TO DO:
From the entries below, please output exactly the lines starting at the one containing "KitchenRaku 2 st." and ending at the one containing "If the above", both included.

AVAILABLE DATA:
------------------------------------------------------------
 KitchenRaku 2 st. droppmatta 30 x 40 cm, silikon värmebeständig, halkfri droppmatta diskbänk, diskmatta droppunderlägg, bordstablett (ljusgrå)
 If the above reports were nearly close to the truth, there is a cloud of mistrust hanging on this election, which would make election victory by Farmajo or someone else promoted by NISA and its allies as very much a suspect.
------------------------------------------------------------
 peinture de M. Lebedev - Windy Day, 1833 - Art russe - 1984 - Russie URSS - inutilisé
------------------------------------------------------------
WRITTEN ANSWER:
 KitchenRaku 2 st. droppmatta 30 x 40 cm, silikon värmebeständig, halkfri droppmatta diskbänk, diskmatta droppunderlägg, bordstablett (ljusgrå)
 If the above reports were nearly close to the truth, there is a cloud of mistrust hanging on this election, which would make election victory by Farmajo or someone else promoted by NISA and its allies as very much a suspect.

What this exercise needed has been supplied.